**Dataset records**:
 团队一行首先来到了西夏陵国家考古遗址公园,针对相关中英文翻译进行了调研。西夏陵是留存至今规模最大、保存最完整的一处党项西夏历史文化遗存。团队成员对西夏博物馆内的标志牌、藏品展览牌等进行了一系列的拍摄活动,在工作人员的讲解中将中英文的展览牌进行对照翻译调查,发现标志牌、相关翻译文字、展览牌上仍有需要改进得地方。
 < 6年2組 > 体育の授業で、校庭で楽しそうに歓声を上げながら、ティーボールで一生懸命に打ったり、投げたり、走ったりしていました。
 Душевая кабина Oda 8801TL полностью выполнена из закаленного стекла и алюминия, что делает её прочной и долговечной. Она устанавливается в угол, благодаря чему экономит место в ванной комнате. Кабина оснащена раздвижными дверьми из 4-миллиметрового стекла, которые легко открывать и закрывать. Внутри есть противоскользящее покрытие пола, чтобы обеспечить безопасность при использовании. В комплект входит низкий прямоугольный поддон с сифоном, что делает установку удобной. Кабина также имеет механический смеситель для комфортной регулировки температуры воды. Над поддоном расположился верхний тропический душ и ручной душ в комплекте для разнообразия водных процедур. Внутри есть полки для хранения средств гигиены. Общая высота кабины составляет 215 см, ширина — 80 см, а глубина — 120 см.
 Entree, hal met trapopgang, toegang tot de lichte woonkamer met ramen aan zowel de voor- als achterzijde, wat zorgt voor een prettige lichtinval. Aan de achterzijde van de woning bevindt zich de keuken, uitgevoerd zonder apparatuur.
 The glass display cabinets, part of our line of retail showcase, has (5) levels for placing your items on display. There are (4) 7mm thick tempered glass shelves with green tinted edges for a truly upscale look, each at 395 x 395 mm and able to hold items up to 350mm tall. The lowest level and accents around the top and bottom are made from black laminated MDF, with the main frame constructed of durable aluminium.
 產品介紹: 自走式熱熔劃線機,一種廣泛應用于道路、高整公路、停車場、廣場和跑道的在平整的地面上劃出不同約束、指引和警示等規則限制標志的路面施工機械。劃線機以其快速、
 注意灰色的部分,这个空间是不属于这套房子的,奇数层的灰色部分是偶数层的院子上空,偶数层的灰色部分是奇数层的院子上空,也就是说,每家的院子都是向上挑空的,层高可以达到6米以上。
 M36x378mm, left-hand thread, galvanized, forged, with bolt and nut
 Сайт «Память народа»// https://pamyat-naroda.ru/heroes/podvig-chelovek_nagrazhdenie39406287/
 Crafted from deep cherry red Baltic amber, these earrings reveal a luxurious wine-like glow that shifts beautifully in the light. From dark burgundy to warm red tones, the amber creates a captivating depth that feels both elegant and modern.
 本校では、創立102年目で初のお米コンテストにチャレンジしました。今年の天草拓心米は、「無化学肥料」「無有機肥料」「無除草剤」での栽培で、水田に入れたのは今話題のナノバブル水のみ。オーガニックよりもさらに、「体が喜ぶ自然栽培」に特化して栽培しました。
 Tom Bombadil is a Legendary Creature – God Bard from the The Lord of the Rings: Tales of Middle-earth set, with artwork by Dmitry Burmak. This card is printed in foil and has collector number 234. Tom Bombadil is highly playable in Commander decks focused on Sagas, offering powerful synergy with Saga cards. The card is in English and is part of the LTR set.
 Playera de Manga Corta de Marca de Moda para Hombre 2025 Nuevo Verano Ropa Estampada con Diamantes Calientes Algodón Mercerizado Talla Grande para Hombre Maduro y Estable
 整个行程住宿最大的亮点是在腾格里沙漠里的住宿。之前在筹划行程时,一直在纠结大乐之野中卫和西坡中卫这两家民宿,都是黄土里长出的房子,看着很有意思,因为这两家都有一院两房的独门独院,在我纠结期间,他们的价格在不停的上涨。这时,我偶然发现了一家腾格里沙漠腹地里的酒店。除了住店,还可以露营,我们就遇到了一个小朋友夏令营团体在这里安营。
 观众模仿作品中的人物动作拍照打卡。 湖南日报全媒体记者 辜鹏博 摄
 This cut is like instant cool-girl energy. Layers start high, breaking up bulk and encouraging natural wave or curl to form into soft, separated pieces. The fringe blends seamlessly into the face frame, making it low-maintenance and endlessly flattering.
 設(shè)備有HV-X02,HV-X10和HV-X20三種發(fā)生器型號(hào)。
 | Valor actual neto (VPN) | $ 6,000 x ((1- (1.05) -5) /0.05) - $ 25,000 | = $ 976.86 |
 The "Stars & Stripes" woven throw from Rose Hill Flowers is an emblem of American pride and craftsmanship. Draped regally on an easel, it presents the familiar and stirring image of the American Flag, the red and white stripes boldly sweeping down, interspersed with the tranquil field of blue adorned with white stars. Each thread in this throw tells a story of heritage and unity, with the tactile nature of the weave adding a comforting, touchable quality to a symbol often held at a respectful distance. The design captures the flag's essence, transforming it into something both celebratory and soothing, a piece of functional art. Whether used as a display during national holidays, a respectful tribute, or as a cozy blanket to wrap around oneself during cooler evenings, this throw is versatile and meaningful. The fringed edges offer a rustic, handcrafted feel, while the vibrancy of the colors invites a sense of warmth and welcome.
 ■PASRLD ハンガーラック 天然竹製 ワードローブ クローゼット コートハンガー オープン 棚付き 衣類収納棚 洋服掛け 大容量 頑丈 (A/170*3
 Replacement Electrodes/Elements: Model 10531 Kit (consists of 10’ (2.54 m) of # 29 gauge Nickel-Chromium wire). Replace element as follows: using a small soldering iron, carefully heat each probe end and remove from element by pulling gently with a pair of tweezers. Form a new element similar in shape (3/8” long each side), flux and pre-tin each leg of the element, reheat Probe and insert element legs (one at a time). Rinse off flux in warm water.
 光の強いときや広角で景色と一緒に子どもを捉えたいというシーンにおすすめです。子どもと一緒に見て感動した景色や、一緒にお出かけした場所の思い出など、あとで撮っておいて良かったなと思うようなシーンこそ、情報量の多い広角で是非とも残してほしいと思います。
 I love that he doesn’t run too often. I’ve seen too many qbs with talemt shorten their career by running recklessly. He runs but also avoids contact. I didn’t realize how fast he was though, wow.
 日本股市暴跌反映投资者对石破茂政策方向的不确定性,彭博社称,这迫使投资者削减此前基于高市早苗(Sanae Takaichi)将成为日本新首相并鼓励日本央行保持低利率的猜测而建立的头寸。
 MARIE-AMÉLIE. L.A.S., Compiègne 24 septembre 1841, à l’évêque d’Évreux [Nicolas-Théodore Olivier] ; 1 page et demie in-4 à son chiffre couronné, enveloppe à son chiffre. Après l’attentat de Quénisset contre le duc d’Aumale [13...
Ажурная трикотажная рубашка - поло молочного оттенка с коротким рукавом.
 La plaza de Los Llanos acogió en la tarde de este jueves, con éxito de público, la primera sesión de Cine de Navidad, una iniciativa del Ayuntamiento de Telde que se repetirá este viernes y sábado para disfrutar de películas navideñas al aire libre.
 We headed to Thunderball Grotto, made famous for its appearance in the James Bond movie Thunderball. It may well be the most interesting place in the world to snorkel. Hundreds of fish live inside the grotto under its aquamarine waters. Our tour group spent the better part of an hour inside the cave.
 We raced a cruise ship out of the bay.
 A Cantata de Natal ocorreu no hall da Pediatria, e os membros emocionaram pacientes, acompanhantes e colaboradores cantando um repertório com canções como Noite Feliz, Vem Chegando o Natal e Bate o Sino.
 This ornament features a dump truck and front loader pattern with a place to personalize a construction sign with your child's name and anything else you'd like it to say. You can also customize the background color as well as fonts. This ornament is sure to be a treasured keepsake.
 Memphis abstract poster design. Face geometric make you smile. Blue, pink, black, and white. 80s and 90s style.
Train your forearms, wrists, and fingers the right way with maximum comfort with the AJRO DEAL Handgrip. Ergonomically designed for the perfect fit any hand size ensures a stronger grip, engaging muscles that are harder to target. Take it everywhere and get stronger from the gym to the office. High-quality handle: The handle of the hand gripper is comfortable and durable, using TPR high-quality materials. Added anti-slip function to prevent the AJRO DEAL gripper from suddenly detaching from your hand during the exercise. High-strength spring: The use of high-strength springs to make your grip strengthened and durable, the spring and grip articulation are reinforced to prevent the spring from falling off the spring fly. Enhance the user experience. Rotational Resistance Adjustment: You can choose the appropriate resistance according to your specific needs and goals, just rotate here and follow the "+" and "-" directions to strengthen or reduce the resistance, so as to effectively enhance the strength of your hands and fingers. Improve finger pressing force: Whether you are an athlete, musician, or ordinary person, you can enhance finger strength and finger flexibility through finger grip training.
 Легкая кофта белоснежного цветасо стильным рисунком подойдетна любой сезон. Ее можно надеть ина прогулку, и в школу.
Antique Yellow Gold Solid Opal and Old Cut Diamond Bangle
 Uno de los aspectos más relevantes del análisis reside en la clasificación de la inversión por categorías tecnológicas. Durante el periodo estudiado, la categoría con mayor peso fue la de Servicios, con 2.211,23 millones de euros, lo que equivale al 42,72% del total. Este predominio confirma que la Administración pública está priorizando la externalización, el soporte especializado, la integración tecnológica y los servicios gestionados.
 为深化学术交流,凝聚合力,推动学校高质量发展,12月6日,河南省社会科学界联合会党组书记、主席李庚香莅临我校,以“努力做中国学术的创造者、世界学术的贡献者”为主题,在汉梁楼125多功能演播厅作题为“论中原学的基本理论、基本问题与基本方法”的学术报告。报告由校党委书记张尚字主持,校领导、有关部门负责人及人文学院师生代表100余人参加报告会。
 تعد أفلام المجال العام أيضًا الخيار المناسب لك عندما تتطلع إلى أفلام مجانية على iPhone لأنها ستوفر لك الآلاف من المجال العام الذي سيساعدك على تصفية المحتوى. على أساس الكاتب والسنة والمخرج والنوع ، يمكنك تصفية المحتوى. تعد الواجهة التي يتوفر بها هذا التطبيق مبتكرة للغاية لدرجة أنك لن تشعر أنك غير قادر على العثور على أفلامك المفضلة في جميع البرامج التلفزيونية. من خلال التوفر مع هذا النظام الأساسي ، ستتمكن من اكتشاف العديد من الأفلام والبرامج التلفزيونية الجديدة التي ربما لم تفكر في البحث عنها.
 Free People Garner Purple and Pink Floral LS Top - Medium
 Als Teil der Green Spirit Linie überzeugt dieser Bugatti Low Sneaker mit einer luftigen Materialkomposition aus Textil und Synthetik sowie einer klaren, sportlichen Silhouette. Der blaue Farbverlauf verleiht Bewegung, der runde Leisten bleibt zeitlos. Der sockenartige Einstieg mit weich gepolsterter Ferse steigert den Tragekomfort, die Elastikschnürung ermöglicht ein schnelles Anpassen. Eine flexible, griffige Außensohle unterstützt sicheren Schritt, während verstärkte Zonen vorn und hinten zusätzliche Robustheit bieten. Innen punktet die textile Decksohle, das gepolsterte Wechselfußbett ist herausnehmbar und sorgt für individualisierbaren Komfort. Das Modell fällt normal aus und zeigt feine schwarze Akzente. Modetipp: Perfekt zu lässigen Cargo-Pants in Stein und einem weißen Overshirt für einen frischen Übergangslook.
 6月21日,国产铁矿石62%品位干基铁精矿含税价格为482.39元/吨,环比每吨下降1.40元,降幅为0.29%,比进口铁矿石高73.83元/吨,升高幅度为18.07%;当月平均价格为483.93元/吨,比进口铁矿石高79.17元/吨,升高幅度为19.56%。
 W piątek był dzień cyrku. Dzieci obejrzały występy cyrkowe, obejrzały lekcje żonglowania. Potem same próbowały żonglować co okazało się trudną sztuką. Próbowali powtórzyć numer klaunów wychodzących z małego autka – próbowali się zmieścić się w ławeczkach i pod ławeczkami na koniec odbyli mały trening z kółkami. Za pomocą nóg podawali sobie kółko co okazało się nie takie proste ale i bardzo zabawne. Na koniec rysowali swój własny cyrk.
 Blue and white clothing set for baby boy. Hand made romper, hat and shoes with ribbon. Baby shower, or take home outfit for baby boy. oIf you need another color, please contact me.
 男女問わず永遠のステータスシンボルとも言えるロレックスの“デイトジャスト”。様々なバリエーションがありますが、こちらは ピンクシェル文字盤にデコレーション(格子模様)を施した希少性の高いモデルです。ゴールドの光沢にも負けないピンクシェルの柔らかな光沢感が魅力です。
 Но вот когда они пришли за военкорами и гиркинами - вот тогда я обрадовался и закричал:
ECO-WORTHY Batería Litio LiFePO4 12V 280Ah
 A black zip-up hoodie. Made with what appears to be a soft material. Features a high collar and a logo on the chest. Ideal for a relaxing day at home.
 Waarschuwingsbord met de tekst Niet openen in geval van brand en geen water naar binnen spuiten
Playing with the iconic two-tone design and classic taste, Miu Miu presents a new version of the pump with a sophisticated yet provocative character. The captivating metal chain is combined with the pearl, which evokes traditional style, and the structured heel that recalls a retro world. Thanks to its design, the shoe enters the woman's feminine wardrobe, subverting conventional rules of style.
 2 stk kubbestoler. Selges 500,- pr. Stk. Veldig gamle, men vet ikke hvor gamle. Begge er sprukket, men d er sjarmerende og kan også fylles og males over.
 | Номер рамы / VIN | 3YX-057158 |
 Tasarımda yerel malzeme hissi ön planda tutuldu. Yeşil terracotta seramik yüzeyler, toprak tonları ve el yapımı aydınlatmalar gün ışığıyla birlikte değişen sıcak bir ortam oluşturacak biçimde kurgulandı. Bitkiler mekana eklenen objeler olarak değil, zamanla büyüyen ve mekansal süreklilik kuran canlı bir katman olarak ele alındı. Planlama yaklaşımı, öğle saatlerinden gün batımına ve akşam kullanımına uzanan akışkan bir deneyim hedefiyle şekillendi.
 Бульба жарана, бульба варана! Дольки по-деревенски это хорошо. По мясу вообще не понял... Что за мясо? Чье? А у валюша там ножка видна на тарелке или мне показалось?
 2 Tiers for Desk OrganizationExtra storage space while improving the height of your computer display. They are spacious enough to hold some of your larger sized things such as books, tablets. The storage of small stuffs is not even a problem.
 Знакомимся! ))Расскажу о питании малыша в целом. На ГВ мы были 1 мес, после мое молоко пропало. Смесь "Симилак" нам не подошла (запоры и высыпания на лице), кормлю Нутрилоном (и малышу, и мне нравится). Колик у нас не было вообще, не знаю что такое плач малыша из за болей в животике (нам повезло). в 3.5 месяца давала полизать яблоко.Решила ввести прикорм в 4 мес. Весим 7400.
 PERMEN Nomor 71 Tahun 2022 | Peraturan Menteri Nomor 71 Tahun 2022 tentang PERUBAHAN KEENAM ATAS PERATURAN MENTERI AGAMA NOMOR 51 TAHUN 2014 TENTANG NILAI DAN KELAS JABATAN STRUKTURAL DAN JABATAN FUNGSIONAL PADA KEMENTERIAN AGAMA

**Required work**:
Only a number is wanted here: the count of lines in the data that include the word "around".

**Reply to the exercise**:
2